Monday, June 13, 2005

silent hill

when the sun hits the sky
and turns into a blue blaze
as the trees bow to ground
and the world falls away

my mom wanted me to wear this cowboy belt she bought from some shite vendor in china probably for 25 cents. i told her, it's important to pick a belt that actually matches one's pants. i said, when do i ever wear country-esque clothing. she said, i don't know maybe sometime you'll want to go dress like a cowboy.

if i ever dress like a cowboy, please someone light my body on fire, and then put me out with your suv.

i have one boss and one fake boss. the fake boss used to be my boss too. i used to have two equal bosses because i had two separate jobs i was handling. the fake boss told me today that i was getting a promotion, which i already knew. when i said i knew, he was like, oh you weren't suprised, you must be cocky.

that's story 1.

story 2 goes like this: i have all these pictures in my cube of my friends and moments of pure happiness, mostly which somehow involved alcohol... not that i need alcohol to be happy, but it just so happens happiness and camera-picture-taking go hand in hand. anyway, this coworker of mine said i must be in love with myself because many of those pictures are of my friends AND me, and so i guess i have multiple pictures of myself, in a way, in my cube. and i was like, what you think i am in love with myself. you are so stupid.
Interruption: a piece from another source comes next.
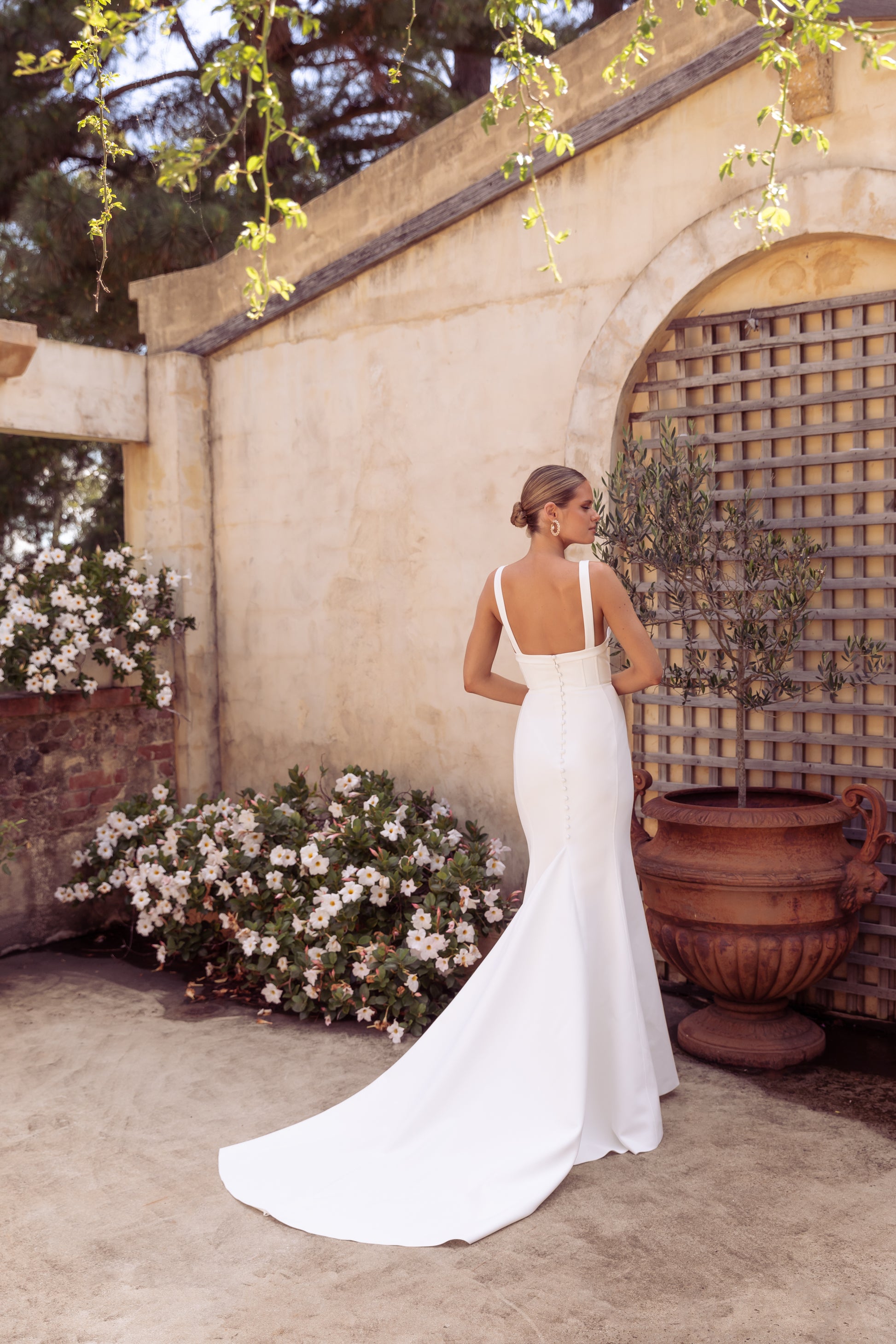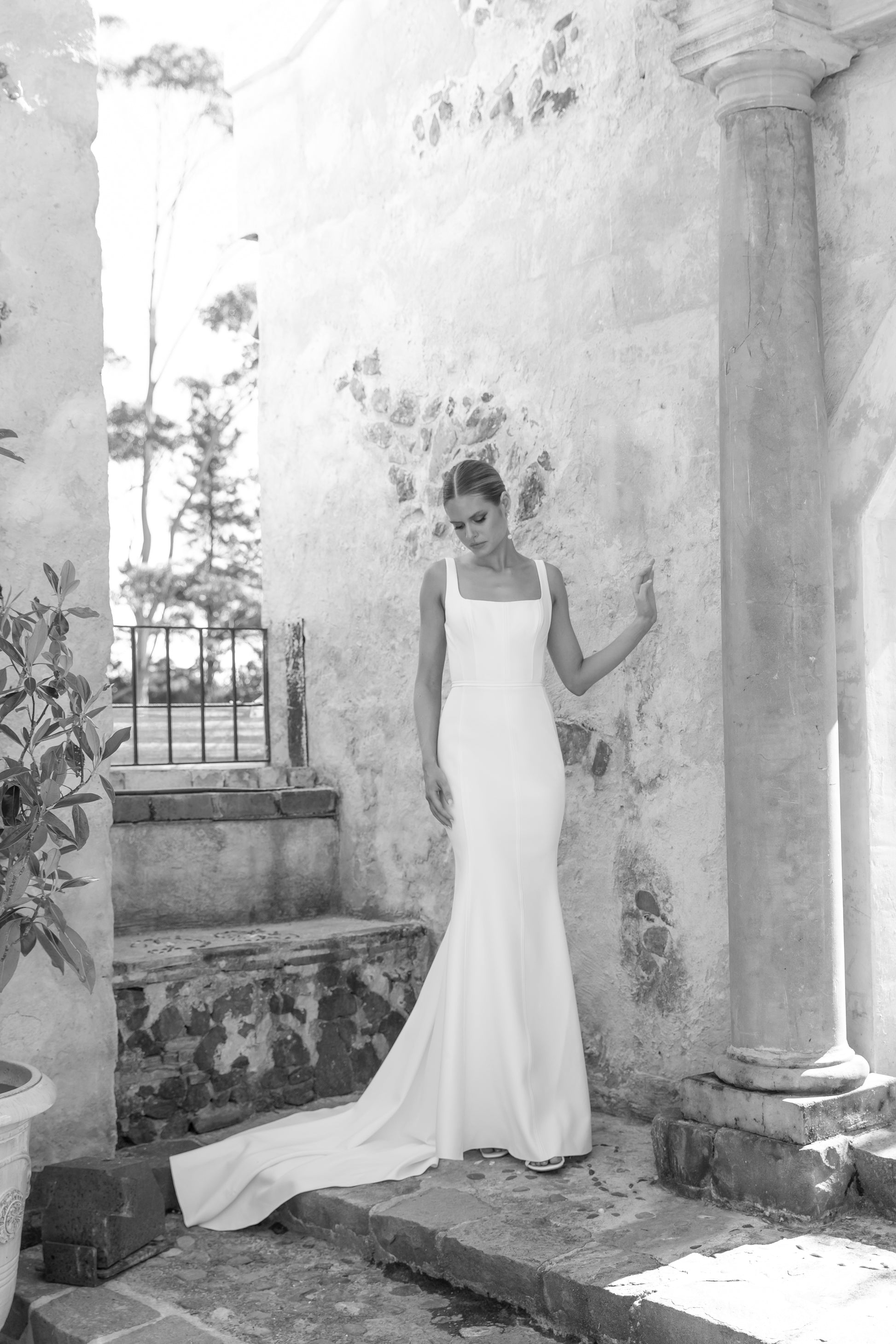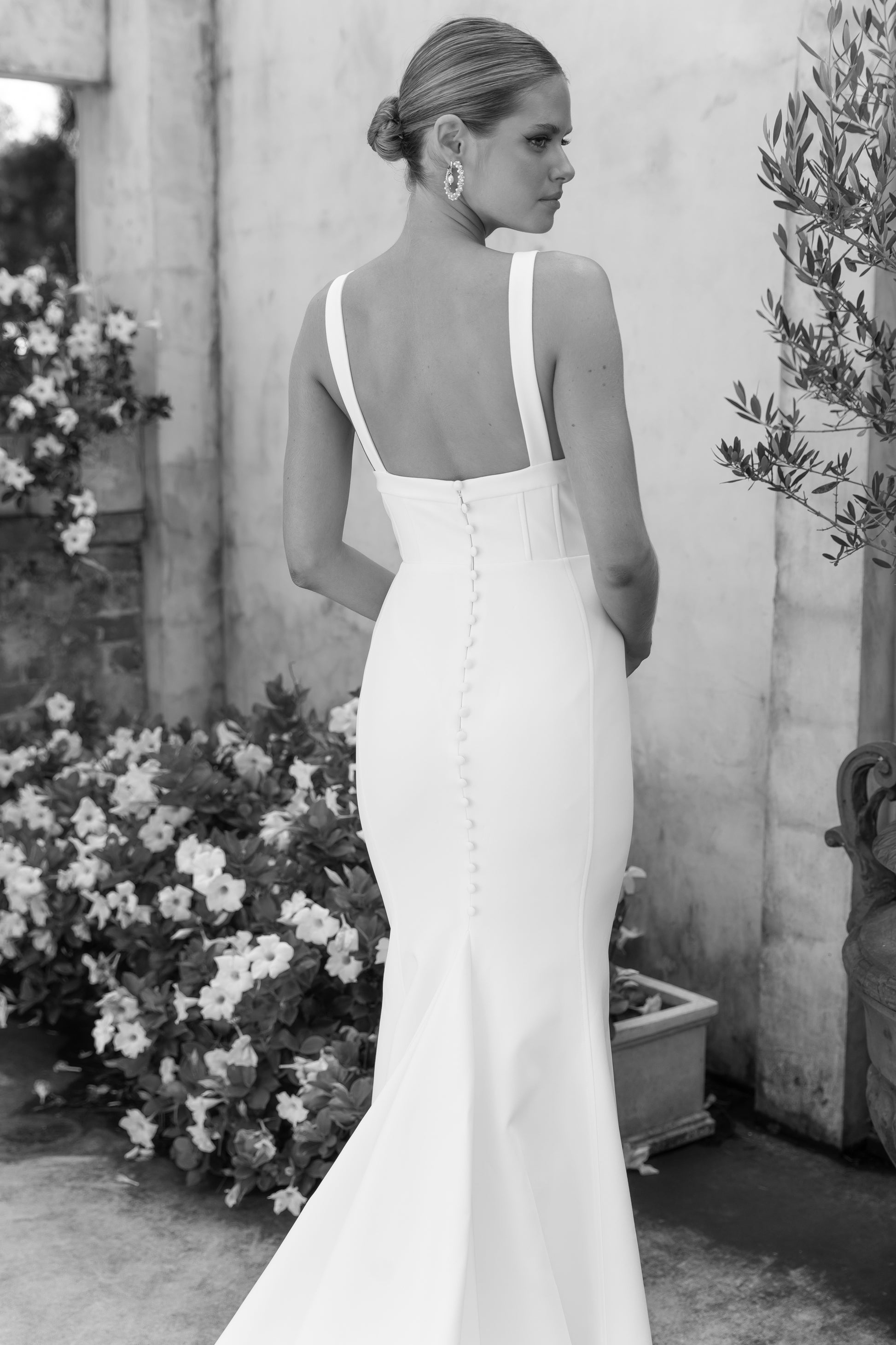 DESCRIPTION: Tommie is part of the Midnight Soiree collection. It is a simple crepe square neckline dress with a structured boned bodice. Although simplistic in it's design, it is very striking with 90's style strap and slightly curved neckline. Tommie's crepe is strong enough to hold the body for a comfortable and elegant look.

story 1 and 2 go together like this. i am not cocky nor am i in love with myself. make no mistake my friend, i know i'm badass in a few things and decently good in a few more and i also know most people in this world suck and so in comparison, i'm above avg in totality.

i think today might be my housemate's birthday but she didn't tell me personally. i just think it is because. but who cares.